In accordance with its obligations under the National Master Freight Agreement,[2] Friedman's applied to the Central Pennsylvania *620 Joint Area Grievance Committee for approval of its change of operations plan.[3] On June 13, 1980, the Committee approved the application and established a 60-day window period during which employee transfer or return rights with seniority would continue in the event the number of transfers turned out to be incorrect.[4]

While approval of the change of operations was pending before the Grievance Committee, the defendant posted a memorandum in May, 1980 requesting employees to indicate whether they wished to transfer to Scranton in the event the change was approved.[5] Both plaintiffs signed the memorandum. See Exhibit 4 to Document 25 of the Record. In terms of respective seniority among those wishing to transfer, Plaintiff Reilly ranked eighteenth and Plaintiff Hopkins ranked seventeenth. As there were thirteen individuals who signed the memorandum with greater seniority than the plaintiffs, the plaintiffs were not eligible for the transfer.

The change of operation, having been approved by the Grievance Committee, went into effect on June 21, 1980. The thirteen employees were transferred to Scranton but replacements were soon needed on a day-to-day basis.[6] The President of Local 401, Francis Belusko, requested Friedman's to call "extra-list"[7] Dorrance employees in accordance with seniority, to work as replacements in Scranton. Friedman's agreed to the request, even though under the change of operations, it had the right to call who-mever it wished to work as a replacement including someone "off the street" i.e., non-Friedman employees. Pursuant to the agreement, Plaintiffs, as well as several other Dorrance employees, were given the opportunity to work as replacements[8] at the Scranton terminal during the window period.

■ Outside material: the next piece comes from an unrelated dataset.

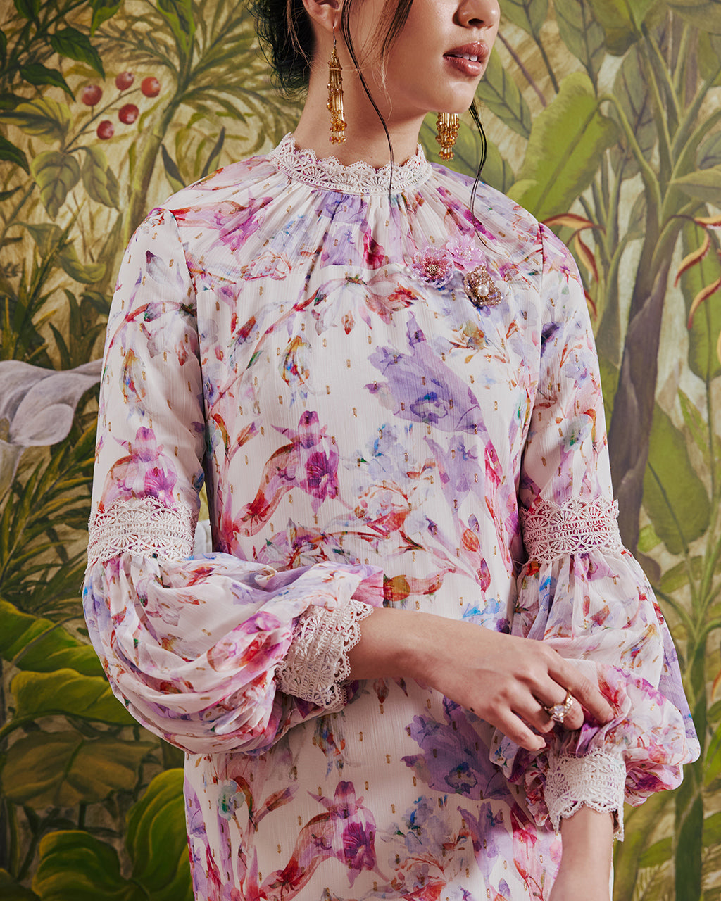 Watercolour Floral Print Chiffon & Guipure Lace Trim

At the expiration of the sixty-day window period, company and union officials met to discuss the need for more than thirteen employees in Scranton as some members of Local 401 contended that more employees should have been eligible to transfer. After two meetings, held on August 26, 1980 and September 5, 1980, both Local 401 and a representative of the Eastern Conference of Teamsters concluded that the transfer of only thirteen employees was proper and did not violate the collective *621 bargaining agreement. Indeed, the Central Pennsylvania Joint Area Grievance Committee upheld the propriety of the defendant having transferred only thirteen employees when a grievance challenging that number was filed by a member of Local 401.

After the window period ended, replacements were still needed for the Scranton employees on a day-to-day basis. Inasmuch as the agreement to call Dorrance employees was no longer in effect, the Manager of the Scranton terminal felt he could call anyone to work as a replacement. Because he needed immediate replacements, he called Dorrance employees. However, so as not to interfere with the Dorrance operation, he called individuals towards the bottom of the Dorrance seniority list.[9] Deposition of William Galetka, at 10-12.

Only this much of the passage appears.